The Watchful Bailiffs

I have been reading Mary Fulbrook’s challenging new book Bystander Society. It is subtitled ‘Conformity and Complicity in Nazi Germany and the Holocaust’, which makes clear what the book is about. This is a forensic historical study of how in the mid to late 1930s the German population as a whole was moved into a position of compliance with the emerging practices of the Nazi regime. Fulbrook understands bystanding as a posture that is socially constructed and capable of undergoing change. At a time when Western populations (in particular) seem to be more and more indifferent to egregious acts of violence and the curbing of peaceful protest, this book is a timely publication. As I recall saying at the very start of the COVID-19 pandemic, if you only act when it is blindingly obvious that you need to do something – then that is the definition of having left it too late.

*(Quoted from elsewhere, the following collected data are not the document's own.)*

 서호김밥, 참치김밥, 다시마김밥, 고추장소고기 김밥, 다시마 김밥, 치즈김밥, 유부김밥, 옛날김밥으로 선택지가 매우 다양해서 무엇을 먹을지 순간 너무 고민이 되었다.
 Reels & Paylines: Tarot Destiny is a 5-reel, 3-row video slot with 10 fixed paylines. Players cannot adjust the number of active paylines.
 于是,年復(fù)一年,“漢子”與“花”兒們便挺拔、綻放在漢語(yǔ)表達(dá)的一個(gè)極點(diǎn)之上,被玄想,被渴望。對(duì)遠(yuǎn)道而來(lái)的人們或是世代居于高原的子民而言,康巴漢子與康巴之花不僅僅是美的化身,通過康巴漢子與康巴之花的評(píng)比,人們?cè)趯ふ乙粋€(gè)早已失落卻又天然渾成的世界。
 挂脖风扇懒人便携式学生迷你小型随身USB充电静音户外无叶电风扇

“And for anyone who, in the aftermath of the Holocaust, wants to give more meaning and content to the oft-repeated refrain ‘never again’, this may suggest many potential points for earlier or more effective intervention. It is, then, vital that we extend our understanding of the historically contingent conditions for the production of a bystander society”.

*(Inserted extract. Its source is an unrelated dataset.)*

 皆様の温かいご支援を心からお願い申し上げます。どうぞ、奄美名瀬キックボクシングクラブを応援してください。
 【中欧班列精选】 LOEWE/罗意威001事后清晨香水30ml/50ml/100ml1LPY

Fulbrook, Mary, 1951- author. (2023). Bystander society : conformity and complicity in Nazi Germany and the Holocaust. New York, NY :Oxford University Press, p. 399

The most dangerous circumstances steal upon us in such a way that by the time society might be roused to action, the means of action have been disassembled and silenced. Last week’s pantomime in the House of Commons, when something was both done and not done, epitomises a wilful complicity with chaos even while – elsewhere – a society is being dismantled by sustained violence. Distraction is the art of manipulation and deceit. While some bystanders may be innocent, and deprived of any realistic prospect of intervening, other bystanders occupy a role best described as ‘neutral’. These bystanders could do something, or work with others to intervene, but they choose to remain inactive.

Knud Nellemose 1908-1997 Dansk/Danish – Erindring/ Remembrance 1987 in the SMK – Statens Museum for Kunst, Copenhagen

‘Bystanding’ has been identified as a problem in society for a long time. The phrase ‘watchful bailiffs’ comes from the poem ‘A Description of the Morning’ by Jonathan Swift, written in 1709. Many older adults of that time lived with the memory of the English Civil War and a nation torn apart by violence and radical change. Describing the urban twilight of London as it awakes to an unheroic dawn, the poem observes the effects of growing trade, wealth and criminality. Swift describes a society busy sustaining mechanisms where servants are the victims of the powerful; apprentices carry the marks of malnutrition; and the destitute young are sent up chimneys. At the end of the poem, Swift writes:

The watchful bailiffs take their silent stands;
And schoolboys lag with satchels in their hands.

Swift, J. (1879). The Poetical Works of Jonathan Swift (Vol. 1). Houghton, Mifflin,.

A great deal of harm and inequality is woven into this observation of the early morning. The bailiffs – court attendants – were people of authority to whom the behaviour and conduct of the affluent would be known. Transcripts from trials are often the clearest historic records of people’s behaviour and relationships. It is here, in the courts, that at least some of the underbelly of capitalism could be seen. Yet the bailiffs are silent. Swift’s poem demonstrates the need for change, to end the cycles of exploitation he sees, but the people best placed to enable this are doing (and saying) nothing. They have their place, and watchful complicity comes with rewards.

In every organisation there are people behind those who appear in public. Often these servants of power are the ones who can alter the course of events. They are the people who enact the decision of the leaders and turn the cogs to make things work. Without their active help no regime can enact its policies, whatever these might be, and the ‘bailiffs’ can never be innocent bystanders. For good or ill they share the responsibility for each and every policy that is implemented by those in positions of executive power.